Information supplied:
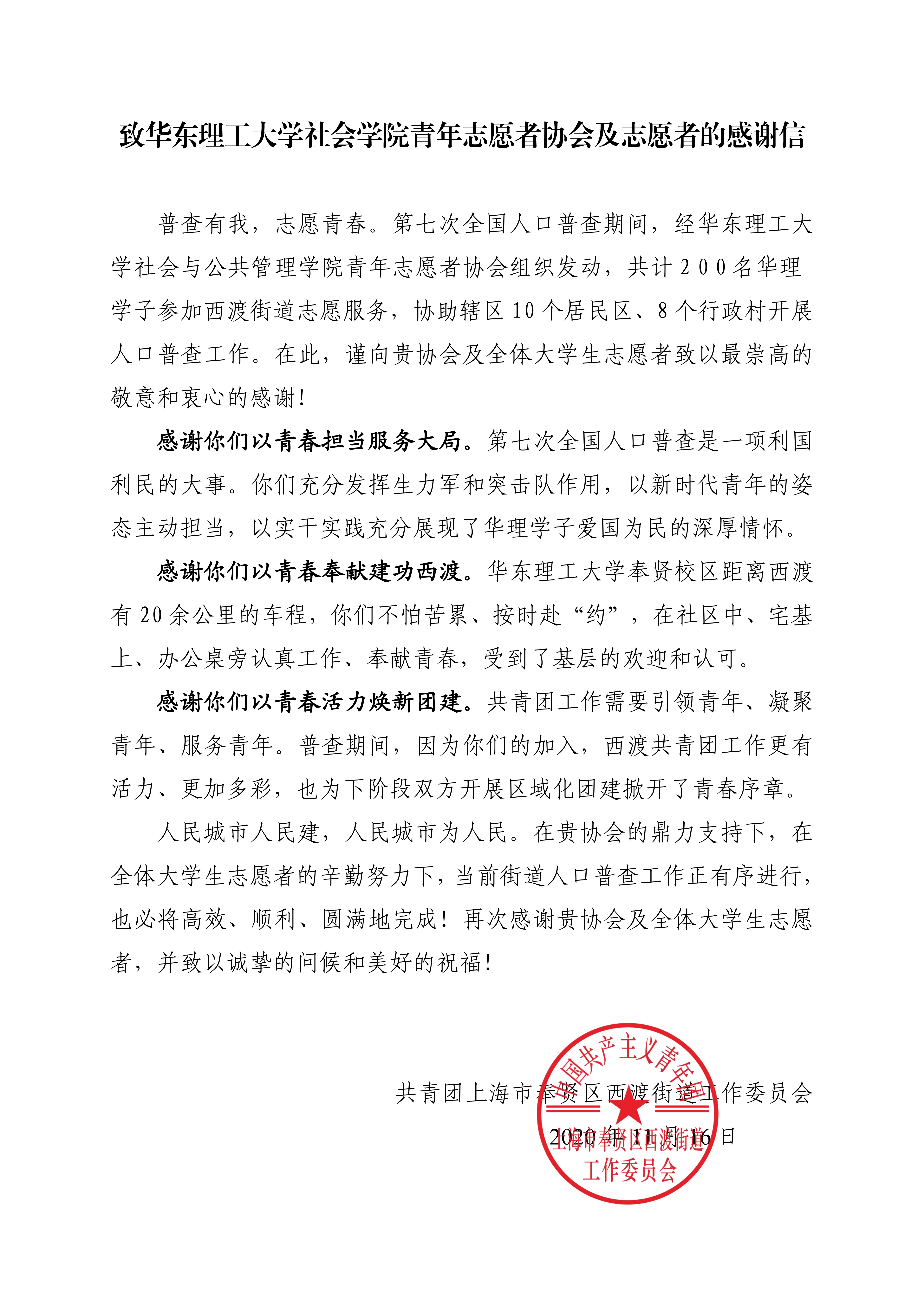 日前,第七次全国人口普查工作已经进入尾声,社院志愿者在工作中表现出的认真负责,勤恳踏实,得到了相关街道团委,居委办事处的高度评价,西渡街道团工委,金汇镇金聚居委,金汇镇金贤居委等组织,都以书面形式,向为人口普查工作圆满完成付出努力的社院志愿者们,表达感谢。
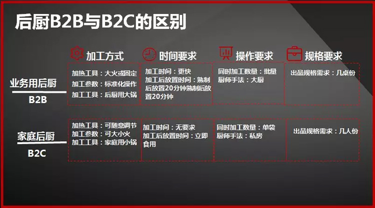 一般來說,后廚B2B和B2C的區(qū)別主要有以下幾點內(nèi)容:
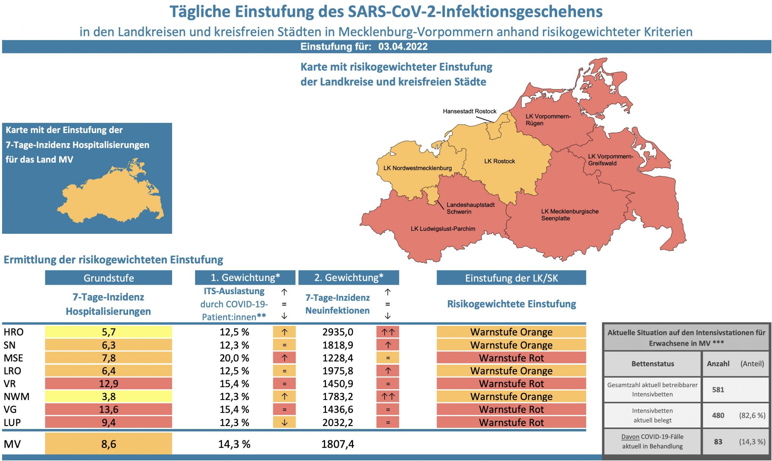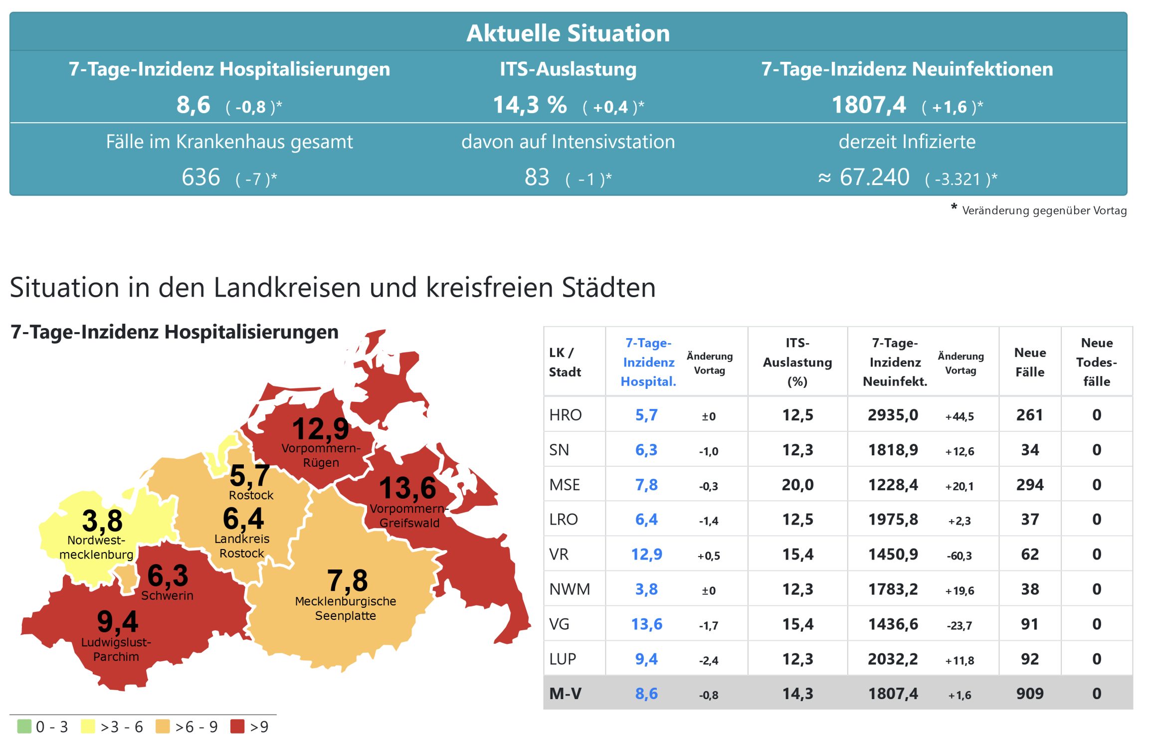 Die Hospitalisierung in ganz Mecklenburg-Vorpommern liegt heute bei 8,6, die Inzidenz des Landes sinkt von 1890,6 am Freitag auf 1807,4. Das Land Mecklenburg-Vorpommern meldet heute 909 Neuinfektionen und keinen neuen Todesfall.

Assignment:
Line for line, restate the data above and omit every picture.

Answer to the problem:
 日前,第七次全国人口普查工作已经进入尾声,社院志愿者在工作中表现出的认真负责,勤恳踏实,得到了相关街道团委,居委办事处的高度评价,西渡街道团工委,金汇镇金聚居委,金汇镇金贤居委等组织,都以书面形式,向为人口普查工作圆满完成付出努力的社院志愿者们,表达感谢。
 一般來說,后廚B2B和B2C的區(qū)別主要有以下幾點內(nèi)容:
 Die Hospitalisierung in ganz Mecklenburg-Vorpommern liegt heute bei 8,6, die Inzidenz des Landes sinkt von 1890,6 am Freitag auf 1807,4. Das Land Mecklenburg-Vorpommern meldet heute 909 Neuinfektionen und keinen neuen Todesfall.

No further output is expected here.